- [Action item]: Starting at the first line of the records below, reproduce every line up to and including the line with "SKU: potrojna-meska-bransoletka-z-grawerem-czarna", but leave out all pictures.

Top of Dataset extract

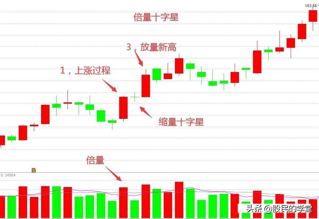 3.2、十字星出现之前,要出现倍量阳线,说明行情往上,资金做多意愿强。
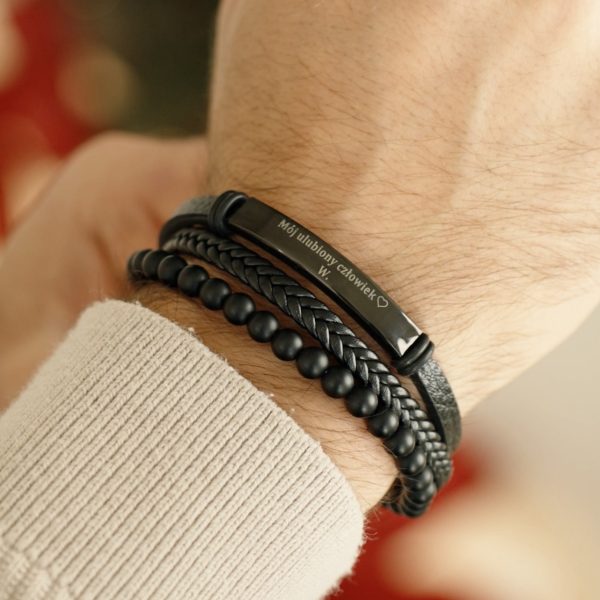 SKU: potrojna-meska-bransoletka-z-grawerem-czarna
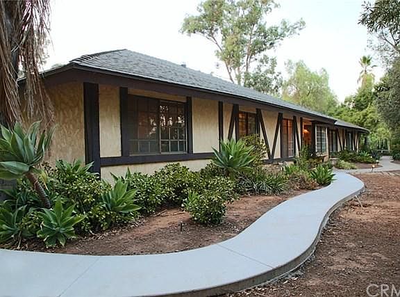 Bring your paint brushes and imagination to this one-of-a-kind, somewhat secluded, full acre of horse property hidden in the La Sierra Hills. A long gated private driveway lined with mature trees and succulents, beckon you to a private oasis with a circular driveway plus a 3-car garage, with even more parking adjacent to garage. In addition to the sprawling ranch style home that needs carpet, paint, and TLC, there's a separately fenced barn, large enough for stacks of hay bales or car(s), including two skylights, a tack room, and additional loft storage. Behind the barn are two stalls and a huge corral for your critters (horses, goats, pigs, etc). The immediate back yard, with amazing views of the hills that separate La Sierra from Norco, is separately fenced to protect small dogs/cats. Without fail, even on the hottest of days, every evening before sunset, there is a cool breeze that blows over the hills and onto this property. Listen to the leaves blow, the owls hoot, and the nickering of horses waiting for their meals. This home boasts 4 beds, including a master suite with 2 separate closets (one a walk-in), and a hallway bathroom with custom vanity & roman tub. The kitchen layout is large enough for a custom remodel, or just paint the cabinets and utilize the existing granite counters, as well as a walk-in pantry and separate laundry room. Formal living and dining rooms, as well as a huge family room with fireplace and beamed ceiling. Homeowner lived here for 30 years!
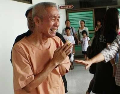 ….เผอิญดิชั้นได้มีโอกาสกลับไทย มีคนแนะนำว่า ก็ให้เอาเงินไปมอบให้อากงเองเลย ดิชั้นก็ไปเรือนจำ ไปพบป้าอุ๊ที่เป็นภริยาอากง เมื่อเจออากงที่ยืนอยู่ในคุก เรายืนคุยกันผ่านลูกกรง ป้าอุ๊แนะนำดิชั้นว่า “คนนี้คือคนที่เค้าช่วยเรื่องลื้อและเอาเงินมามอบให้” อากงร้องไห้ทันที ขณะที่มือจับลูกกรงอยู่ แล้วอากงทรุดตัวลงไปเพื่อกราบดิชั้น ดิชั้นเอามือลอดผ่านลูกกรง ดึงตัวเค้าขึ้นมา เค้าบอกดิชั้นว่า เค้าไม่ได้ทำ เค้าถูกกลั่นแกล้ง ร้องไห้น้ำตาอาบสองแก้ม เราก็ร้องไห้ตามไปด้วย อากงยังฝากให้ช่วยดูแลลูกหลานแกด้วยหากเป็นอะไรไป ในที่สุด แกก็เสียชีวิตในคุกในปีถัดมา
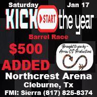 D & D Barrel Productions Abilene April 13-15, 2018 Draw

Bottom of Dataset extract

- [Output below]:
 3.2、十字星出现之前,要出现倍量阳线,说明行情往上,资金做多意愿强。
 SKU: potrojna-meska-bransoletka-z-grawerem-czarna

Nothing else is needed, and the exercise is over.